Abstract
Background
Inhibition of drug-metabolizing enzymes (DMEs) has been regarded as one of the most important reason for clinical drug-drug interaction.
Aim
The aim of the present study is to evaluate the inhibition of bakuchiol towards UDP-glucuronosyltransferase (UGT) 2B isoforms.
Methods
In vitro recombinant UGT2B-catalyzed 4-methylumbelliferone glucuronidation was used as the probe reaction. Dixon plot and Lineweaver-Burk plot were employed to determine the inhibition kinetic type, and nonlinear regression of data was utilized to calculate the inhibition kinetic parameter (Ki). In vitro-in vivo extrapolation (IVIVE) was carried out to predict in vivo inhibition magnitude.
Results
Among the tested UGT2B isoforms, UGT2B7 was inhibited by the strongest intensity. The noncompetitive inhibition was demonstrated by the results obtained from Dixon plot and Lineweaver-Burk plot. The Ki value was calculated to be 10.7 µM. In combination with the reported concentration after an intravenous administration of bakuchiol (15 mg/kg) in rats, the high risk of in vivo inhibition of bakuchiol towards UGT2B7-catalyzed metabolism of drugs was indicated.
Conclusion
All these results provide an important information for the risk evaluation of the clinical utilization of bakuchiol.
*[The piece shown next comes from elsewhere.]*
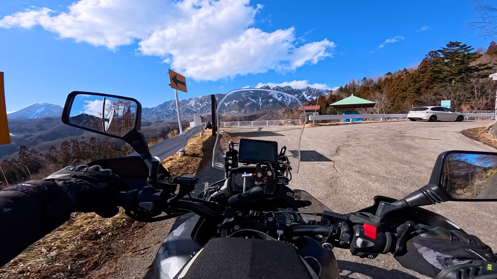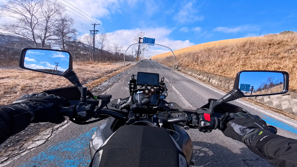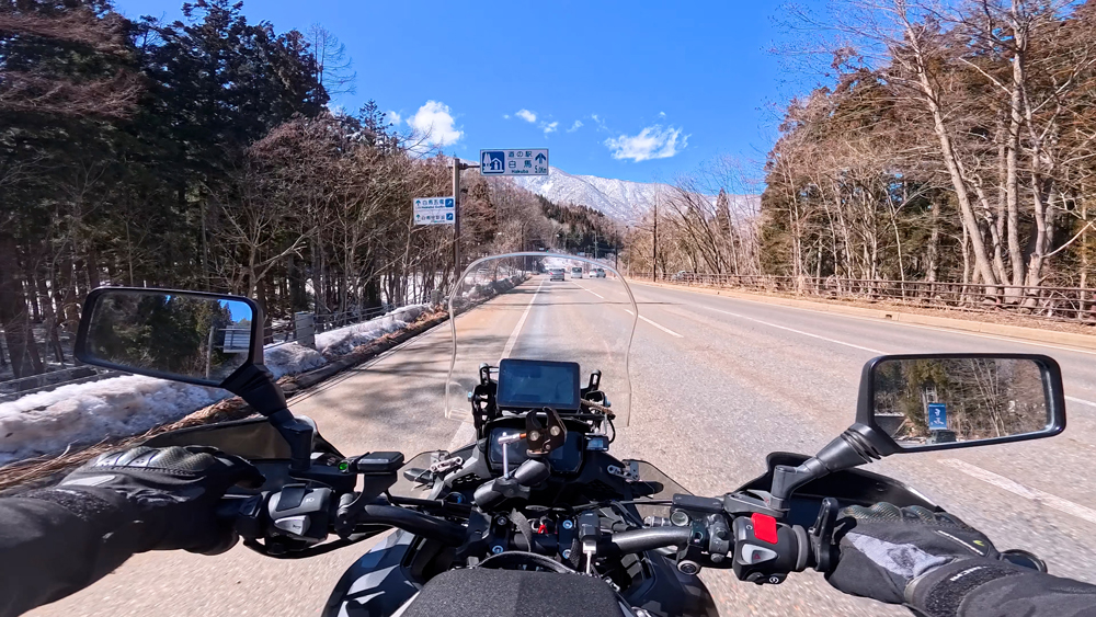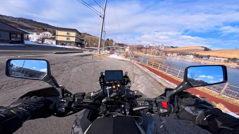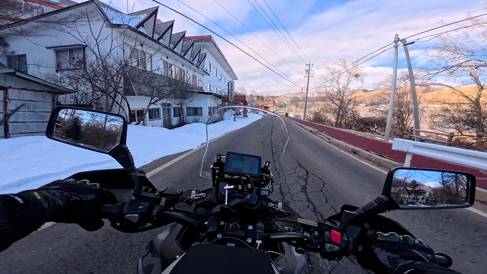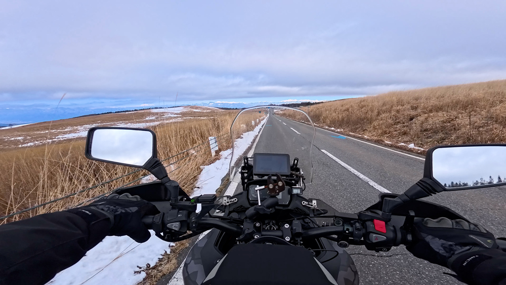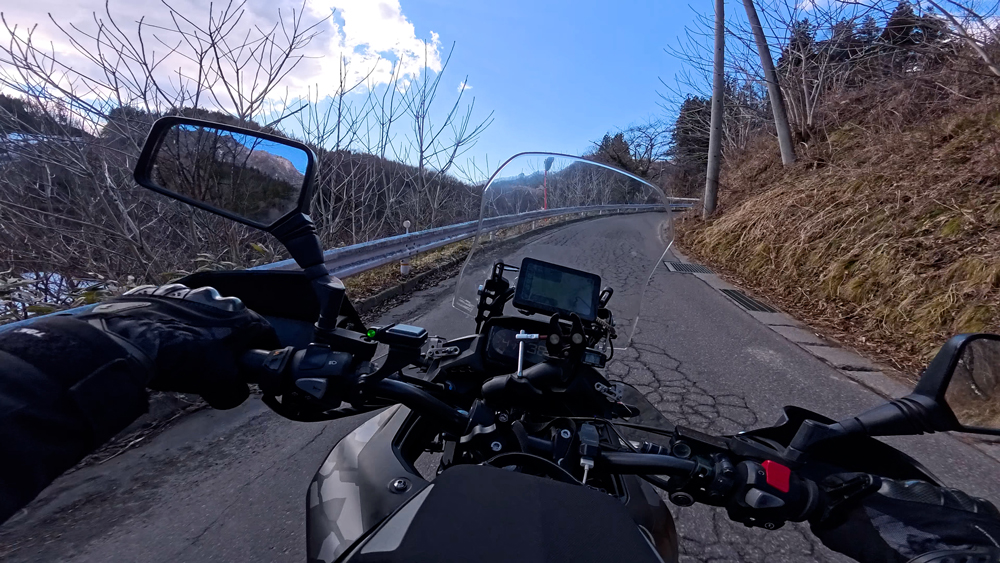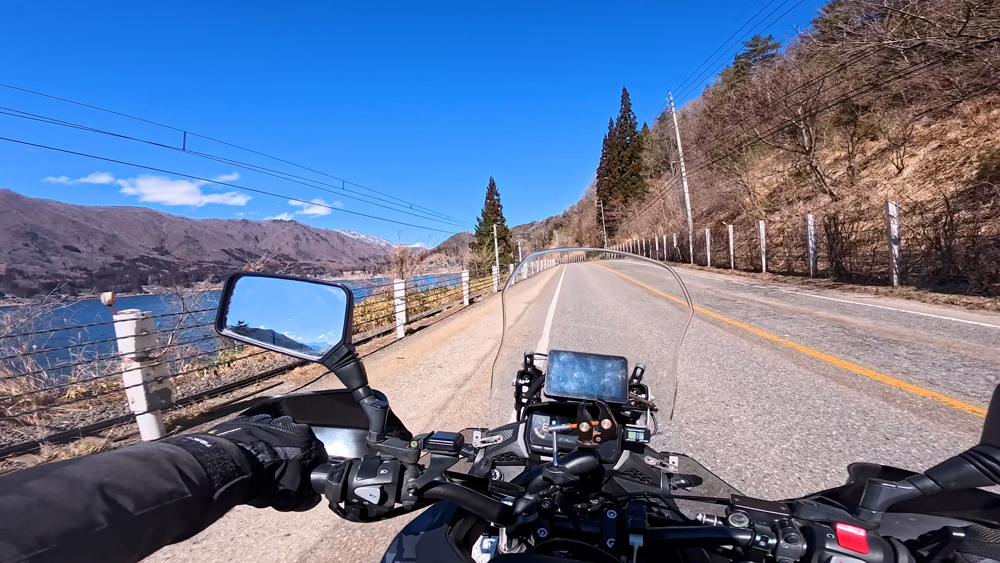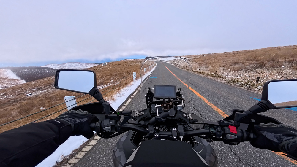 路肩の積雪や凍結箇所もあり、早春ツーリングらしいコンディションです。

Keywords: bakuchiol, drug-drug interaction, drug-metabolizing enzymes
Introduction
Drug metabolism plays a key role in the breakdown and safe elimination of the parent compounds. Drug metabolism can be categorized into phase I and phase II metabolism1. Biotransformation of parent drug during phase I metabolism involves the addition of hydroxyl, carboxyl, amino, or thiol groups 2. The drug-metabolizing enzymes involved in phase I metabolism contain cytochrome P450 (CYP) and flavin-containing monooxygenases (FMO) 3. Furthermore, phase II reactions will increase the hydrophilicity, facilitating the excretion of metabolites into the sinusoidal circulation or bile. The metabolic enzymes contain UDP-glucuronosyltransferases (UGTs), N-acetyltransferase 2 (NAT2), and glutathione Stransferase (GST) 4. Besides the detoxification properties of drug metabolism, some metabolic behaviours of drugs might result in the toxicity. For example, acetaminophen (APAP) can underwent CYP3A4, 1A2 and 2E1-mediated bioactivation to form reactive metabolite Nacetyl pbenzoquinoneimine (NAPQI) which plays a key role in the hepatotoxicity of APAP 5.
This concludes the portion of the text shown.